The fact is that although consumer laws and food quality are overseen by the Federal Trade Commission (FTC) and the Food and Drug Administration (FDA) respectively, many rules and regulations are open to interpretation and manipulation.
So when producers, marketers and distributors see the opportunity to exaggerate their product without breaking the law, they often will.
The consumer, as usual, is the loser.
So, what can you do about it?
Well, you can't totally avoid being hoodwinked but you can make yourself a savvier shopper by following these 7 tips:
1. Start reading the labels and ingredient details on everything you buy, so you'll be more likely to notice when the quantity or contents change.
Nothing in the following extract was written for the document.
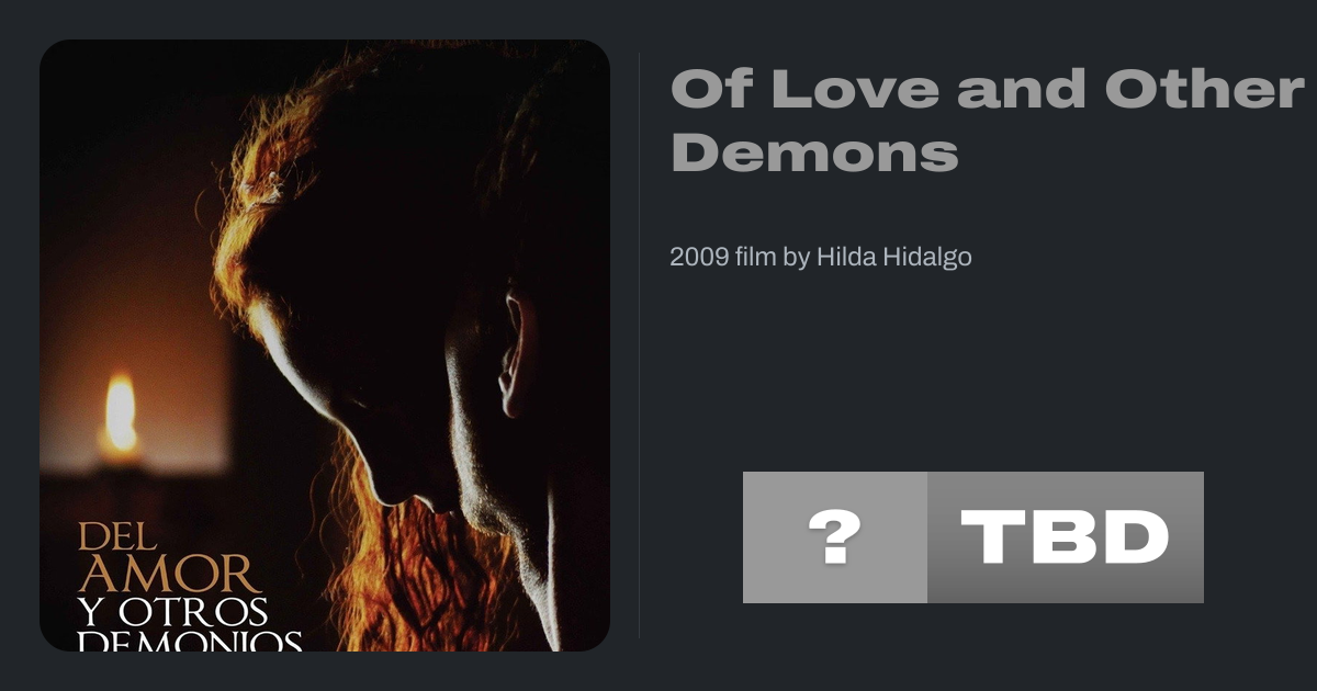 Of Love and Other Demons (Spanish: Del amor y otros demonios) is a 2009 internationally co-produced drama film directed by Hilda Hidalgo, who also wrote the screenplay. The film was selected as the Costa Rican entry for the Best Foreign Language Film at the 83rd Academy Awards, but it did not make the final shortlist. The film is based on the...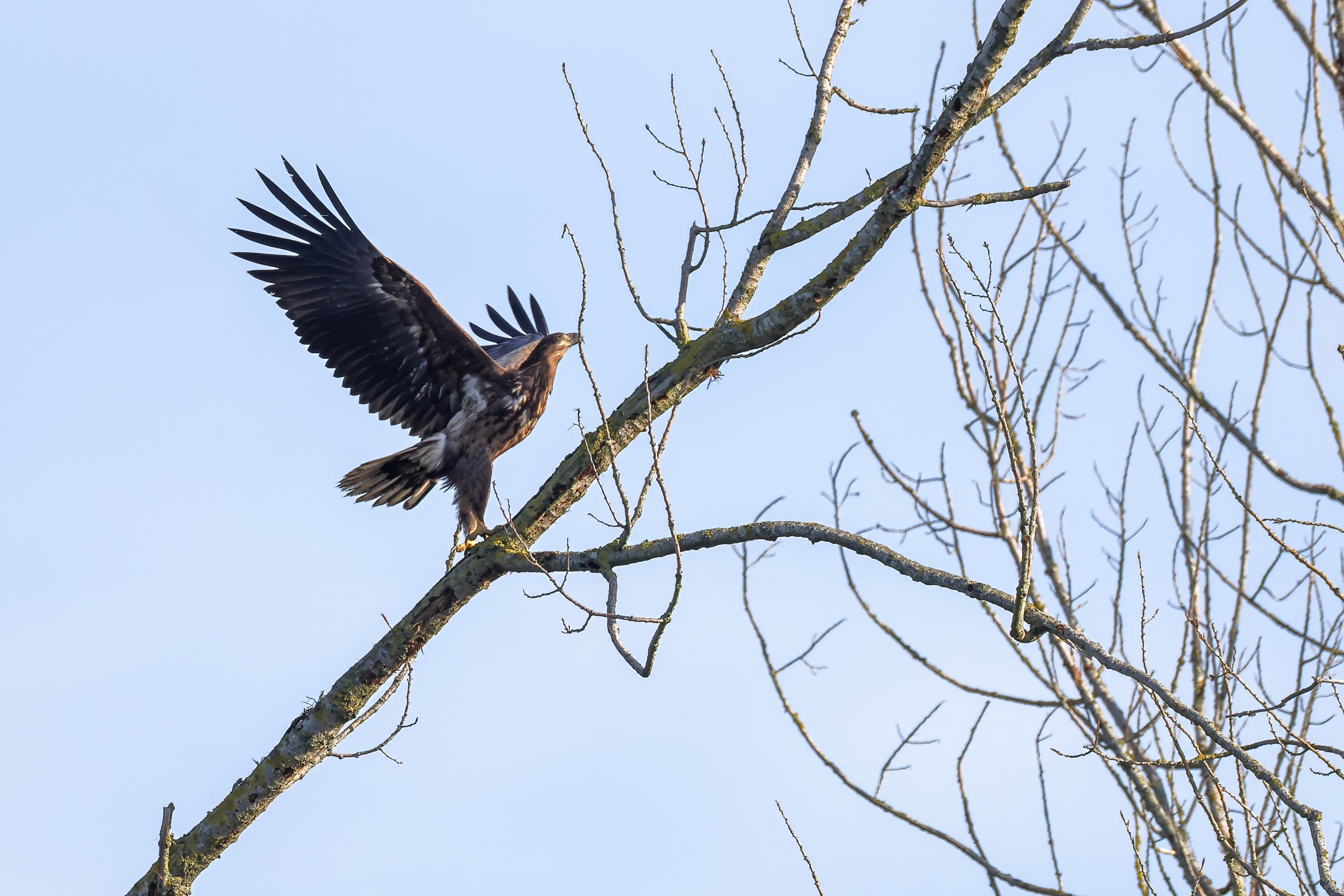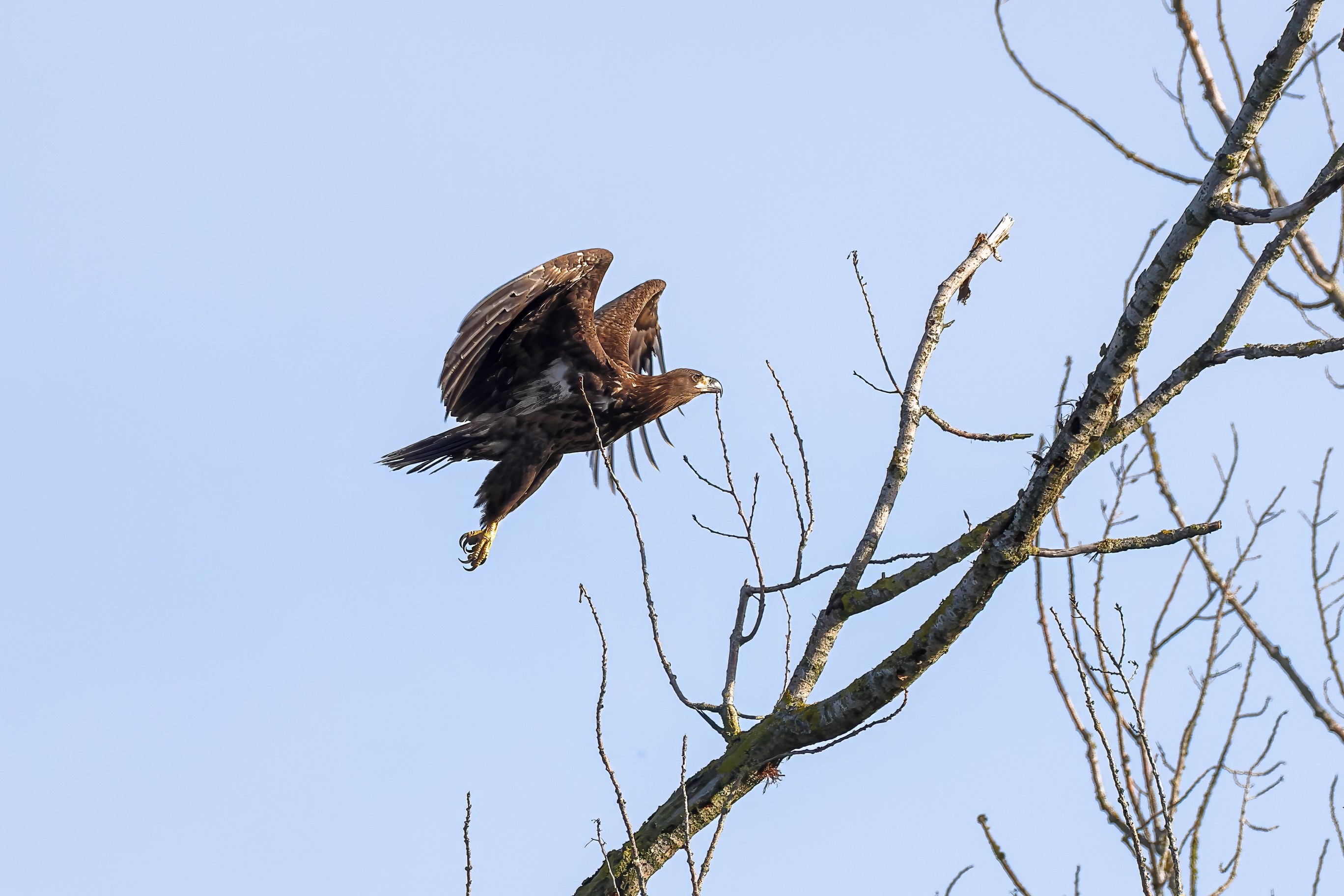 Nur selten lassen sich die jungen Seeadler in ihrem angestammten Revier blicken. Nachdem die elterliche Fürsorge beendet ist, beginnt für sie eine neue Lebensphase: die große Reise, die mehrere Jahre dauern wird, bis sie zu adulten Seeadlern herangereift sind. Dieser natürliche Prozess gehört zum Lebenszyklus aller Jungseeadler.

Do it while you're in line at the checkout.
Include in this checking any store shelf labeling which shows "cost per unit" for packages that contain multiple items.
If the cost per unit goes up significantly but the package price doesn't, then that means the manufacturer has reduced the count.
2. Check the label small print for qualifications and restrictions. Particularly look for asterisks against the "headline" features of a product -- they're usually a clear signal of a get-out clause.
3. When you pick up a carton or container, check the shape of the package for clues that it's a lot smaller on the inside than the outside.
4. If it's appropriate, give it a shake too, and see how much the contents shift about inside.
5. If you have the choice, consider vacuum packed items over their canned equivalent. They're less likely to contain water, or at least a high volume of it.
6. Research products online, especially big-ticket items. Very often, manufacturers change the specifications -- for instance substituting plastic for tougher metal components.
They're unlikely to tell you but other shoppers using social networks may already have posted information on this.
If you use Twitter for instance, do a search on a product name and see what people are "tweeting" about it.
7. If you think the labeling or packaging unfairly represents the contents, complain, either to the store or the manufacturer.
If you're really unhappy, ask for your money back.
But, of course, in most cases, they're not breaking the law; it's the law that's inadequate.
Is this kind of behavior a scam or an acceptable marketing device? You decide.
But keep your eyes peeled for misleading product information -- especially when the package yells "Great new look!"